LeoGive me the map first, so I don't lose it if I'm half-listening on a walk.

MayaThe shape of the work. The room the agent works in. The judge. The languages. The leak. And the things that never show up in the number at all.

LeoShape, room, judge, languages, leak, and the invisible part. Got it.

MayaFirst landmark — the shape of the work. This is just: what *kind* of software task is this benchmark even made of?

LeoBecause "coding" isn't one thing.

MayaNot even close. There's issue-fixing — you get a real GitHub bug report and you produce a patch that has to pass hidden tests.
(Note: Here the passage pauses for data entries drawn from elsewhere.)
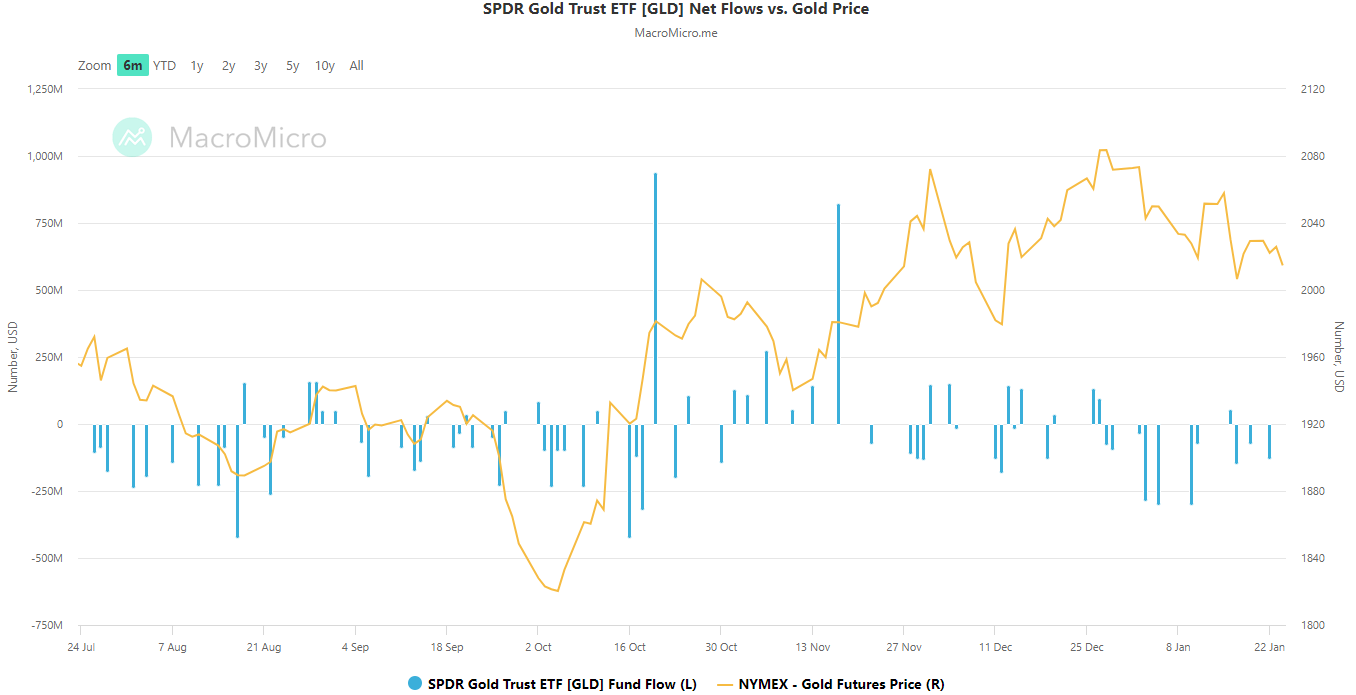 Recession prospects drive 10y bonds (risk-off pricing), yield falls. If the FED controls inflation, the second leg, inflation expectations, remains stable or falls. The important issue here is that the 1st leg of the equation (10y yield) falls more than the 2nd leg (inf exp). To see lower real rates, the distortion on the growth side should be higher than the progress on the inflation side. Considering recent inflation data which partially pushed the first rate cut expectations from March to May, we might expect this scenario to become real.The last point that I want to emphasize is the SPDR Gold Trust ETF [GLD] Net Flows :
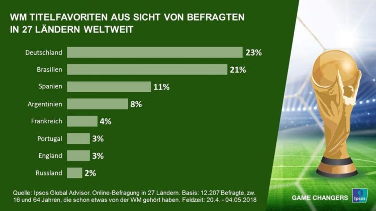 Deutschland und Brasilien werden nach einer weltweiten Umfrage in 27 Ländern des Markt- und Meinungsforschungsinstituts Ipsos als Gewinner der WM gehandelt. Knapp jeder vierte Befragte (23%), der schon einmal etwas von der diesjährigen WM gehört hat, glaubt an Deutschland als Sieger, gut jeder Fünfte (21%) setzt auf Brasilien. Spanien (11%) und Argentinien (8%) werden deutlich […]
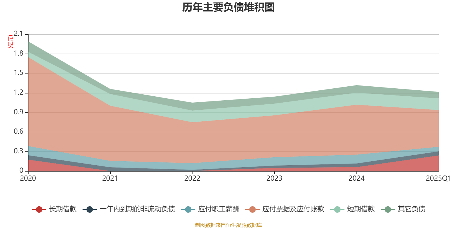 负债重大变化方面科云汇,截至2025年一季度末,公司应付票据及应付账款较上年末减少26.36%,占公司总资产比重下降4.09个百分点;长期借款较上年末增加302.03%,占公司总资产比重上升3.97个百分点;应付职工薪酬较上年末减少48.62%,占公司总资产比重下降1.39个百分点;一年内到期的非流动负债较上年末增加12.1%,占公司总资产比重上升0.18个百分点。
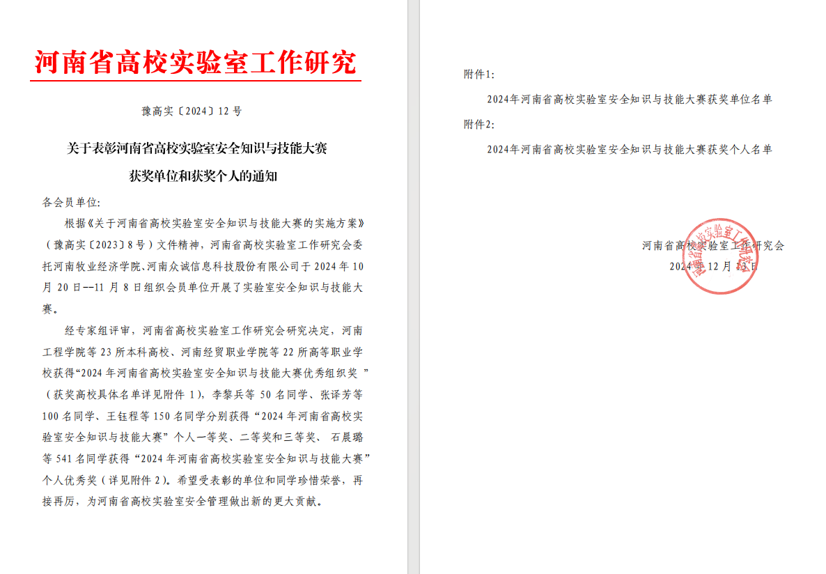 beat365在线平台官网荣获“2024年河南省高校实验室安全知识与技能大赛”优秀组织奖
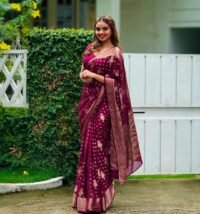 This Beautiful Indian Traditional Ethnic Kanjivaram Banarasi Soft Silk Saree . Saree is India’s one of the most popular and widely used traditional attires. The beauty and elegance of Indian women can be best revealed in saree. Saree, also called as Sari, is the most famous Indian attire worn by women not only in India but all over the world.

That's the SWE-bench family, SWE-bench Verified being the human-cleaned version, five hundred issues that annotators confirmed are actually solvable and clearly stated.

LeoSo a high score there means... it's good at repo-level bug fixing in clean Python issues.

MayaExactly that, and only that. Now slide over to edit-and-repair — the Aider polyglot leaderboard. That's not big messy repos, it's a couple hundred self-contained exercises, and a big part of what it measures is whether the agent can *apply its own edit cleanly* — produce a diff that actually lands in the file.

LeoWait, that's a separate score? Whether the edit format is even valid?

MayaIt is, and I love that they split it out. You can have a model that knows the right fix but keeps mangling the diff so it never applies. That's a real failure mode, and it's invisible on a pure pass-rate benchmark.

LeoThen there's the terminal world, right?

MayaTerminal-Bench — can the agent drive a command line over a long horizon, set things up, run things, recover. Different muscle entirely. Then feature-development benches like FeatureBench, where the task isn't one bug, it's "build this feature end to end." Then open-ended ones like CodeClash, where agents basically compete and maintain a codebase over rounds. And mobile-app benchmarks for the on-device, UI-driven flavor.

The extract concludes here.